> **Requirement**:
Copy the lines below, word for word, from the first through the line containing "The Kave Home". Leave the pictures out.

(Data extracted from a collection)
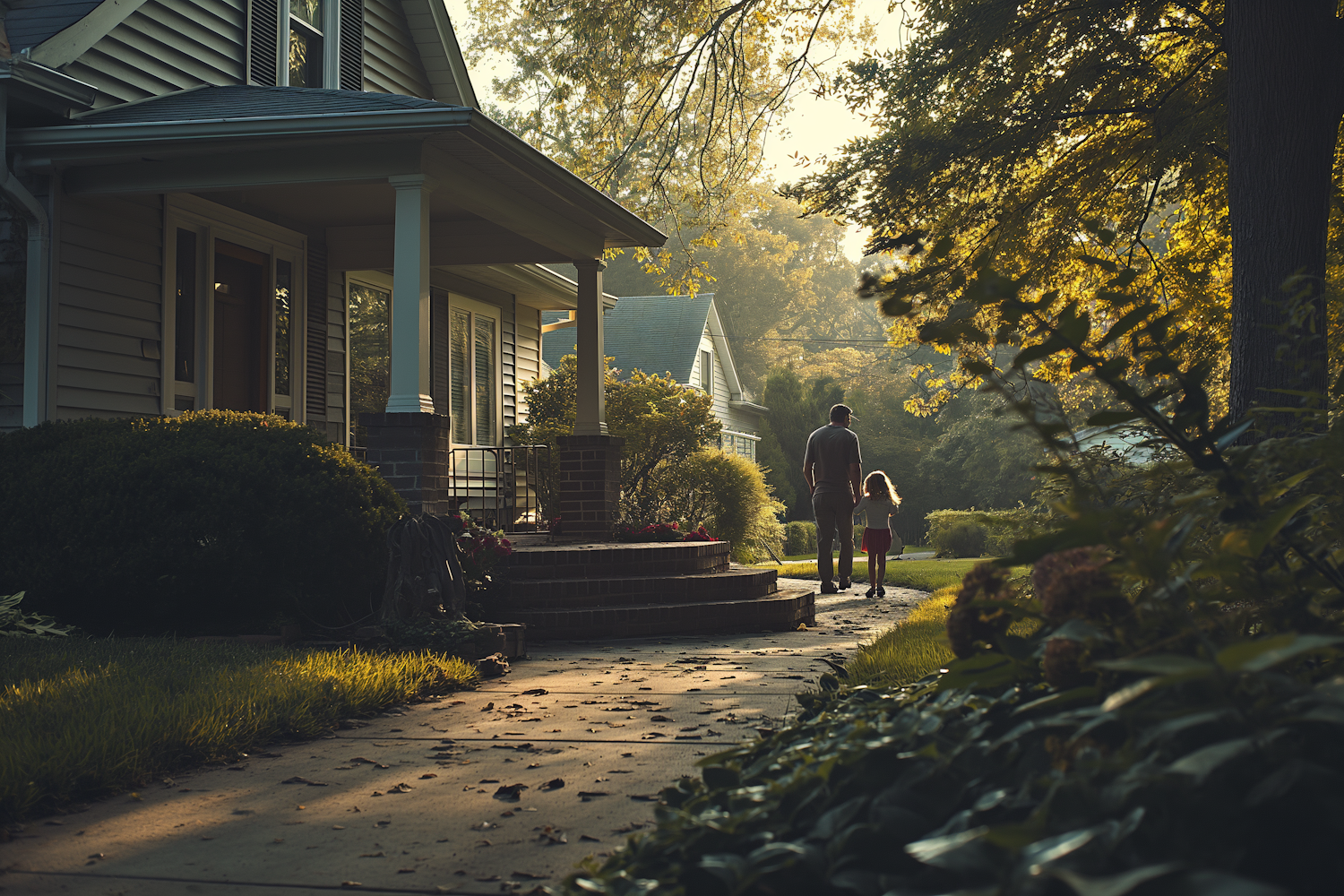 Father and daughter walk hand in hand on a sunlit suburban sidewalk, surrounded by lush greenery and warm, golden light.
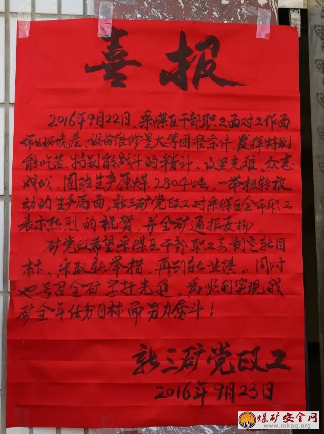喜報,喜報!2016年9月22日,新三礦采煤區攻堅克難、眾誌成城,創單日煤炭產量下半年以來最高水平,一舉扭轉了我礦被動的生產局麵。因此,新三礦決定對當班職工進行通報表揚,礦黨委副書記、工會主席李明國代表礦黨政宣讀了表揚信,采煤區區長當場拿出500元現金獎勵當班職工。
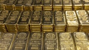 Những thỏi vàng nặng 1 kg được chụp tại nhà máy của nhà sản xuất...
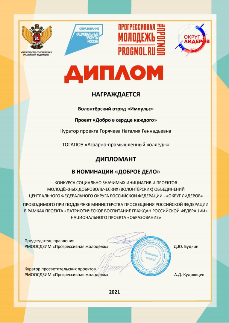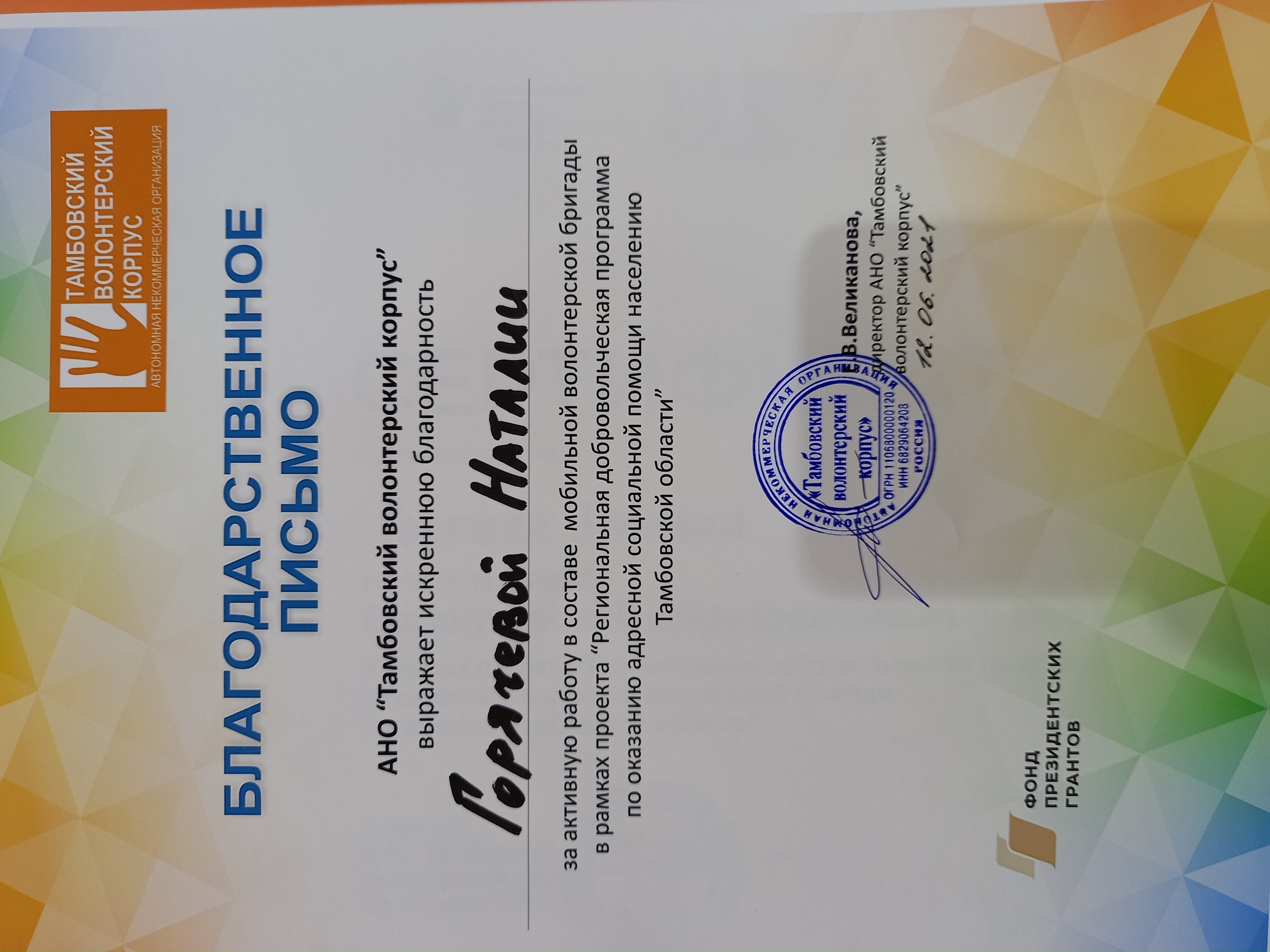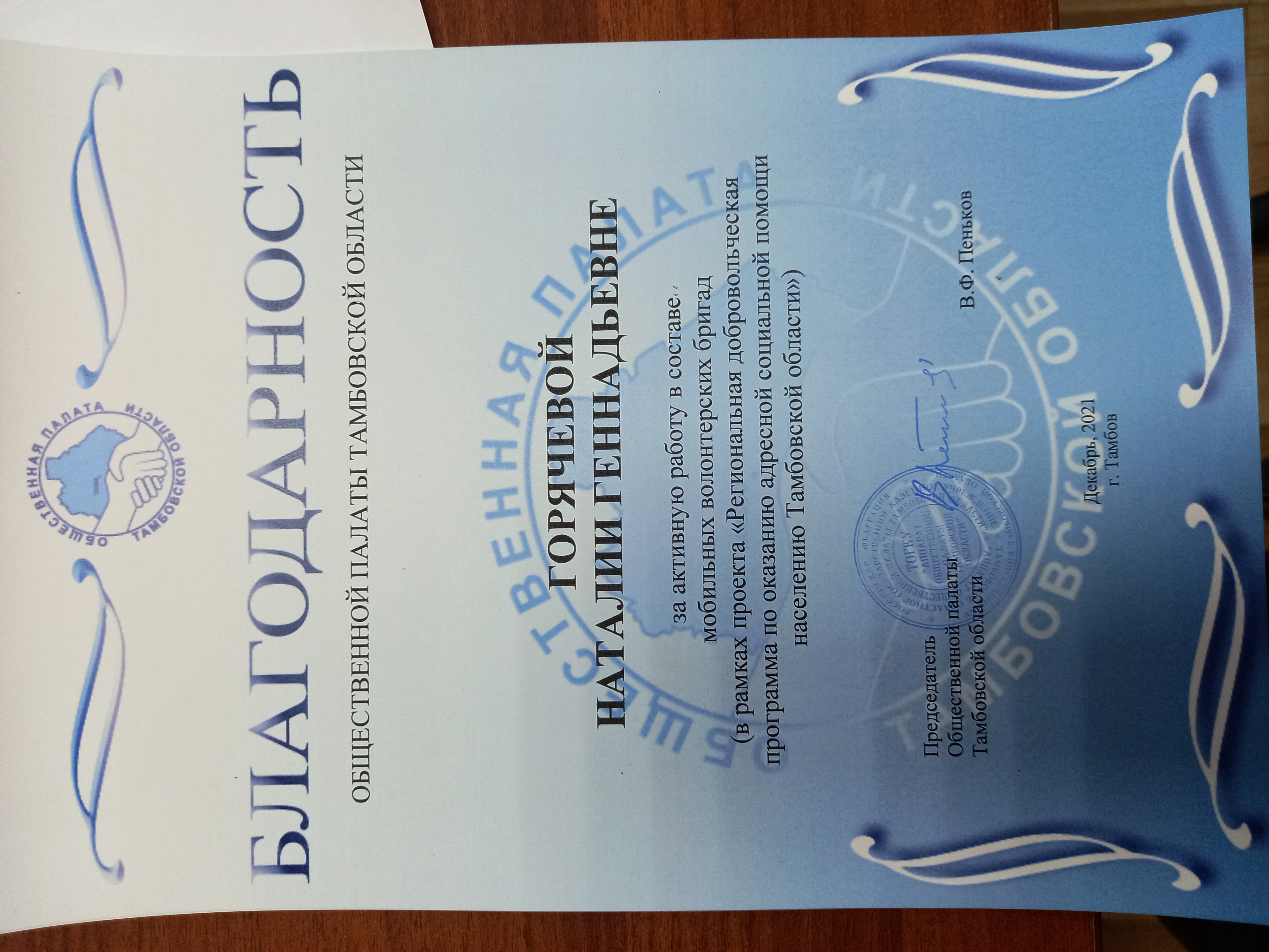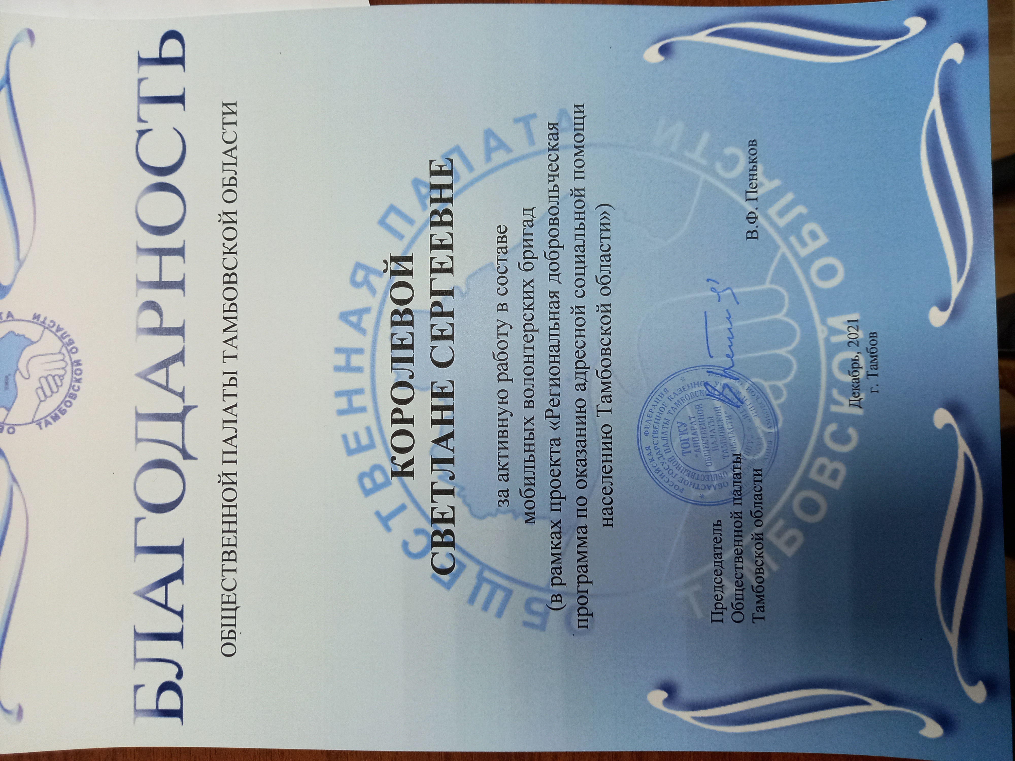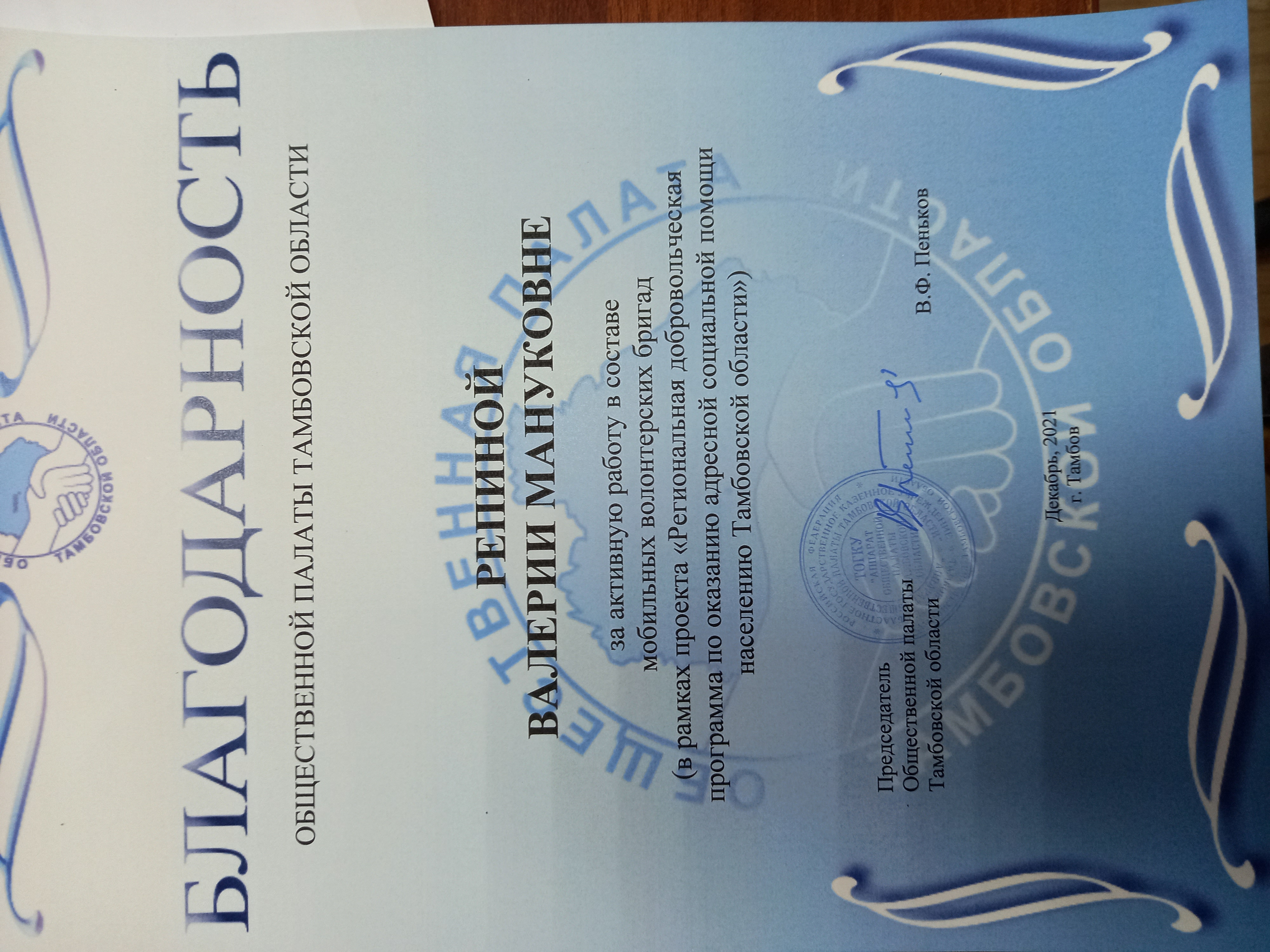 Была проведена огромная работа в рамках проекта "Региональная добровольческая программа по оказанию помощи населению Тамбовской области» с февраля 2021 года по март 2022 года. В результате работы мобильной бригады волонтеров было отработано более 1000 заявок.
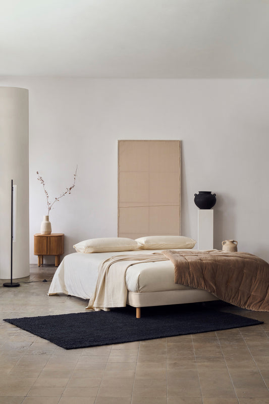 The Kave Home team has created the Mailen collection, with a contemporary design of rounded shapes, made of ash veneer and sliding wooden slatted doors that make it an authentic star.
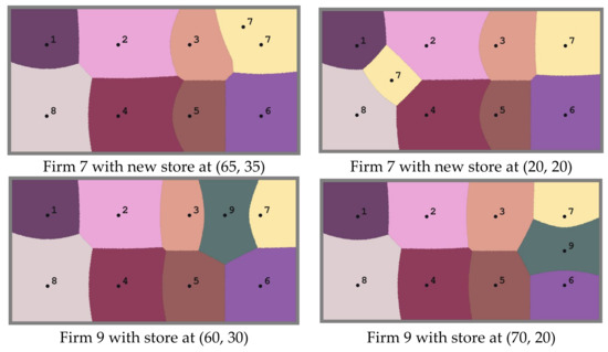 Figure 13 shows that the cartel might break up or it might remain stable for some of the best locations for firm 9. It was observed in [57] that the cartels are unstable due to the entry of a new participant to the market that leads to additional competition. The current analysis shows that new participant might enter in the market without breaking up the cartel and still obtaining one of the highest possible profits by keeping high prices due to “cartel umbrella”. The complex interactions between participants that exist in the two-dimensional space offers variability of choices for new participants. The cartel fails if the new store is located at (60, 30), while the cartel remains stable if the new store is located at (70, 20), even though these locations are equally distant from firm 7 and from the stores from the cartel. In the case of setting a new store at the first location, firm 3 prefers to leave the cartel and increase its market share to the detriment of firm 2. Meanwhile, in the second case, firm 6 cannot significantly increase its market share due to its location, and it does not obtain any benefits from leaving the cartel.
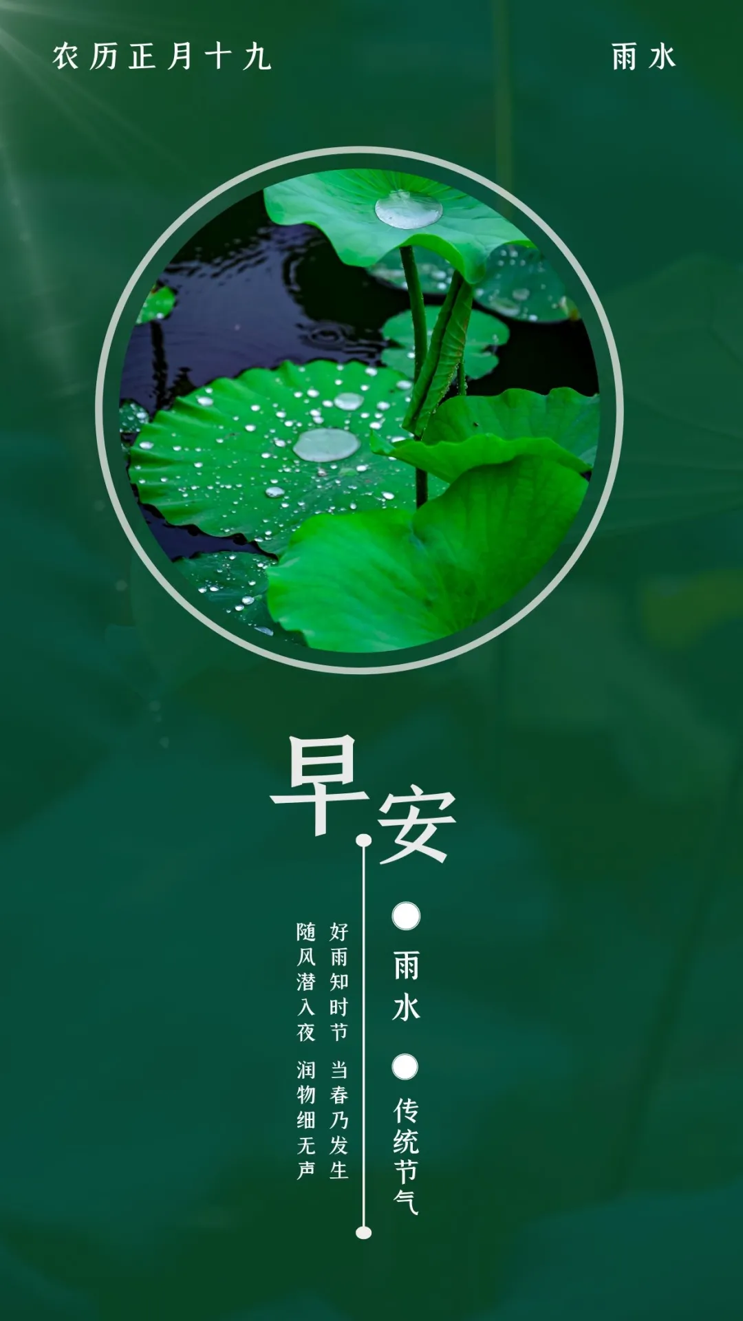 雨水到来天地欢,万物焕发新容颜。甘霖普降润无声,田野蓬勃五谷丰。扛起犁铧勤劳作,来年收获特别多。风调雨顺好年成,幸福快乐美梦成。雨水快乐!

> **Problem solution**:
 Father and daughter walk hand in hand on a sunlit suburban sidewalk, surrounded by lush greenery and warm, golden light.
喜報,喜報!2016年9月22日,新三礦采煤區攻堅克難、眾誌成城,創單日煤炭產量下半年以來最高水平,一舉扭轉了我礦被動的生產局麵。因此,新三礦決定對當班職工進行通報表揚,礦黨委副書記、工會主席李明國代表礦黨政宣讀了表揚信,采煤區區長當場拿出500元現金獎勵當班職工。
 Những thỏi vàng nặng 1 kg được chụp tại nhà máy của nhà sản xuất...
 Была проведена огромная работа в рамках проекта "Региональная добровольческая программа по оказанию помощи населению Тамбовской области» с февраля 2021 года по март 2022 года. В результате работы мобильной бригады волонтеров было отработано более 1000 заявок.
 The Kave Home team has created the Mailen collection, with a contemporary design of rounded shapes, made of ash veneer and sliding wooden slatted doors that make it an authentic star.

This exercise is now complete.